Setting the stage for IBM’s leadership in this field are papers titled, “Single headed attention based sequence-to-sequence model for state-of-the-art results on Switchboard”, and, “New Advances in Speaker Diarization”. The first paper establishes new record performances in automatic speech recognition on the 300-hour and 2000-hour Switchboard conversational telephone speech benchmarks by developing a single headed attention, LSTM based encoder-decoder model.
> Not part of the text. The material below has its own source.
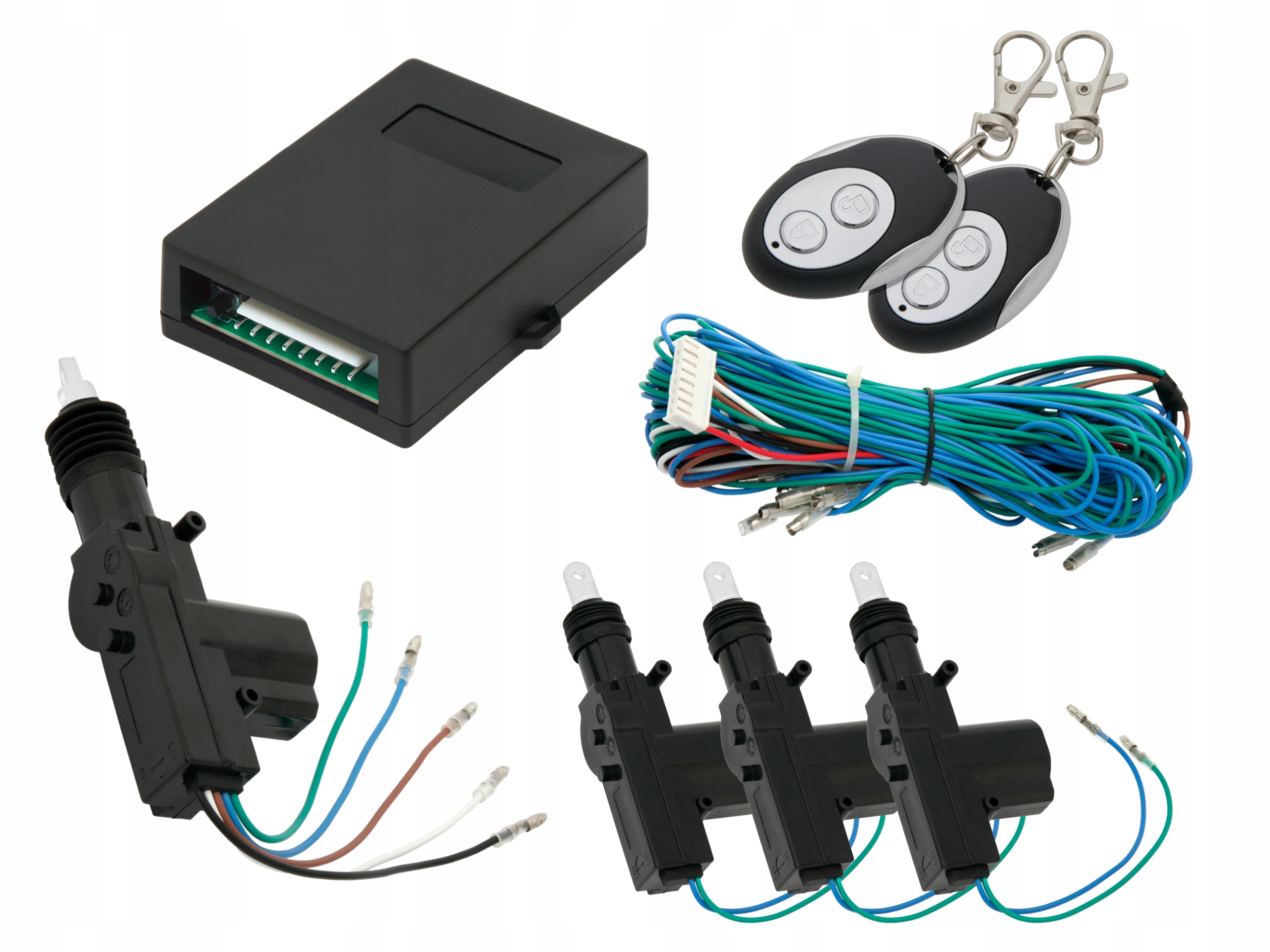 - Zestaw centralnego zamka z siłownikami i zdalnym sterowaniem

The second paper pushes the envelope on state-of-the-art performance for speaker diariazation (the task of determining “who spoke when?”) with novel improvements to speaker clustering with using multiple speaker embeddings and refined neural network-based modeling techniques.
Given the growing importance of spoken conversational systems for IBM’s customer care business, significant work has been accomplished in the other papers – two papers on spoken language understanding, one on speech synthesis, and five other papers on speech recognition and speaker recognition.
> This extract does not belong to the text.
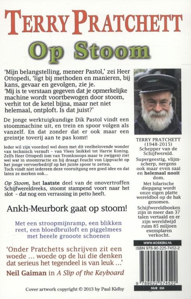 Op Stoom, het nieuwste deel in de onovertroffen Schijfwereld-reeks, tjoekt stomend voort naar het slot (dat nog een verrassinkje voor ons in petto heeft). Weer boordevol oude bekenden, slimme grappen en hartverwarmende belevenissen van lieden die moeten optornen tegen vooroordeel en onbenul.

Full list of accepted papers:
Speaker recognition and diarization
- Hagai Aronowitz, Weizhong Zhu, Masayuki Suzuki, Gakuto Kurata, Ron Hoory, “New Advances in Speaker Diarization“
- Shai Rozenberg, Hagai Aronowitz, Ron Hoory, “Siamese X-Vector Reconstruction for Domain Adapted Speaker Recognition“
- Alexander Sorin, Slava Shechtman, Ron Hoory, “Principal Style Components: Expressive Style Control and Cross-Speaker Transfer in Neural TTS“
Spoken language understanding
- Hong-Kwang J. Kuo, Zoltan Tuske, Samuel Thomas, Yinghui Huang, Kartik Audhkhasi , Brian Kingsbury, Gakuto Kurata, Zvi Kons, Ron Hoory, and Luis Lastras, “End-to-End Spoken Language Understanding without Full Transcripts“
- Ashish Mittal, Samarth Bharadwaj, Shreya Khare, Saneem Chemmengath, Karthik Sankaranarayanan, Brian Kingsbury, “Representation based meta-learning for few-shot spoken intent recognition“
- Gakuto Kurata, George Saon, “Knowledge Distillation from Offline to Streaming RNN Transducer for End-to-end Speech“
- Takashi Fukuda, Samuel Thomas, “Implicit Transfer of Privileged Acoustic Information in Generalized Knowledge Distillation Framework“
- Zoltán Tüske, George Saon, Kartik Audhkhasi, Brian Kingsbury, “Single headed attention based sequence-to-sequence model for state-of-the-art results on Switchboard“
- Alexandros Koumparoulis, Gerasimos Potamianos, Samuel Thomas, Edmilson Morais, “Resource-adaptive Deep Learning for Visual Speech Recognition“
- Samuel Thomas, Kartik Audhkhasi, Brian Kingsbury, “Transliteration Based Data Augmentation for Training Multilingual ASR Acoustic Models in Low Resource Settings“